De nombreuses marques de mode intègrent désormais à leur organisation un «chief diversity officer». Sa mission ? Favoriser l’embauche d’employés de toutes origines et veiller à ce que collections et publicités ne comportent aucun message discriminatoire. Alors, coup de com’ ou réelle prise de conscience ?

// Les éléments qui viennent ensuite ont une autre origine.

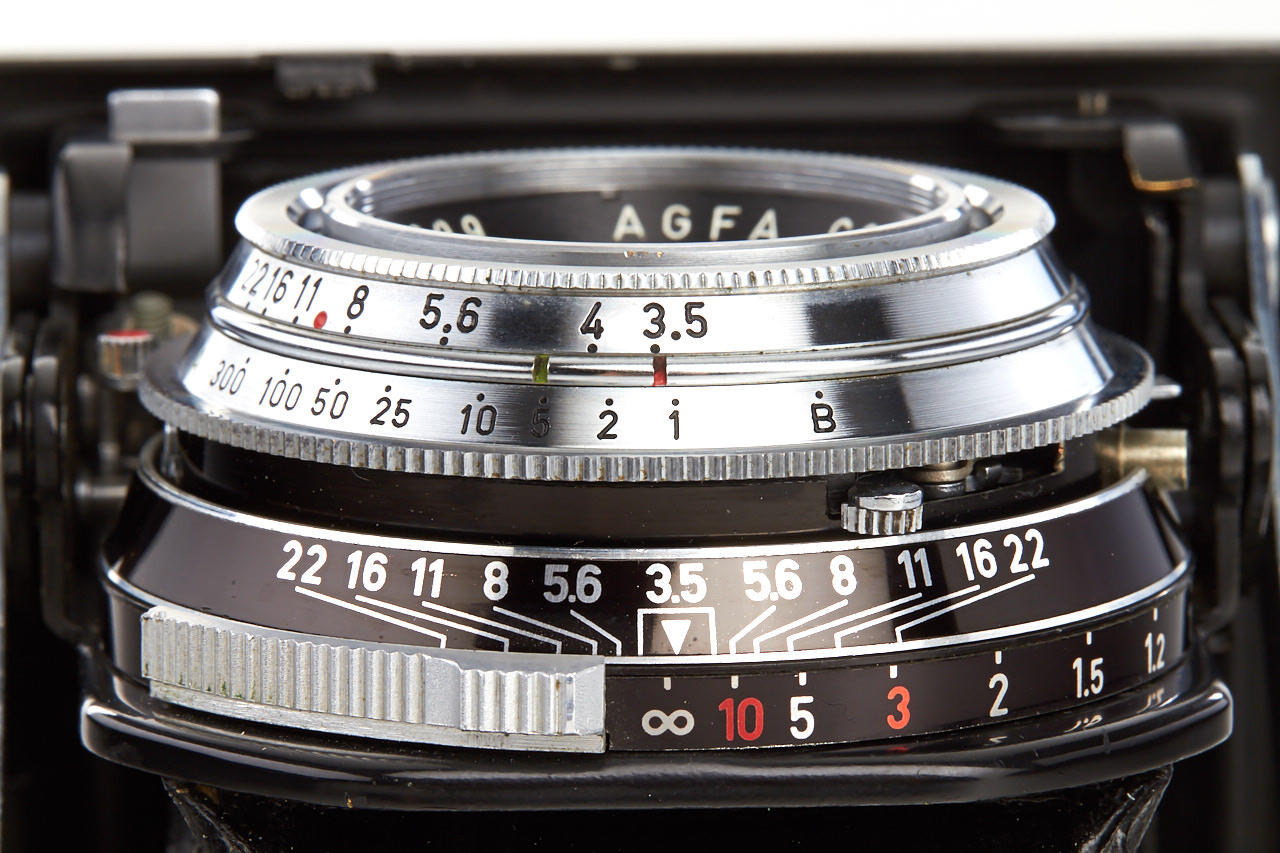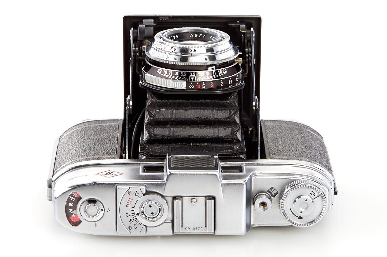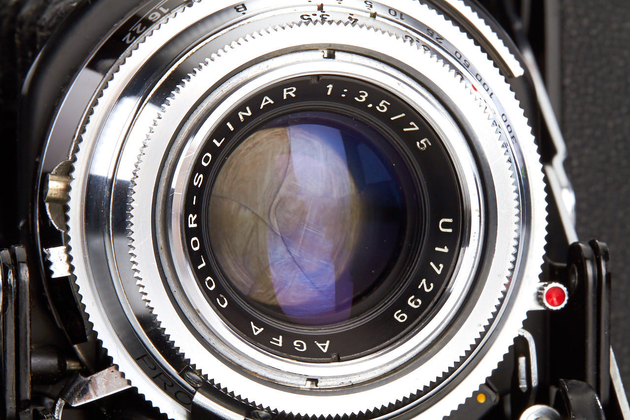 very rare folding rangefinder camera for 6x6cm exposures on 120 film, with Color-Solinar 3.5/75mm no.U17299, in beautiful almost mint condition

En ce jeudi glacial de décembre 2018, Chinyere Ezie remonte Broadway pour se rendre au Centre pour les droits constitutionnels, où elle exerce comme avocate. Elle s’arrête net en chemin sur l’avenue new-yorkaise, stupéfaite, devant la boutique Prada. En vitrine comme à l’intérieur sont exposés des porte-clés et des figurines représentant des personnages noirs avec d’énormes lèvres rouges. « Il se trouve que j’avais visité la veille le Musée national de l’histoire et de la culture afro-américaines, à Washington, où j’avais pu voir des exemples historiques de caricatures de Noirs et de blackfaces, raconte-t-elle. Et j’étais soudain, là, au XXIe siècle, bouche bée, en plein Soho, devant le même genre de représentations racistes, visibles par tous dans une boutique de luxe. »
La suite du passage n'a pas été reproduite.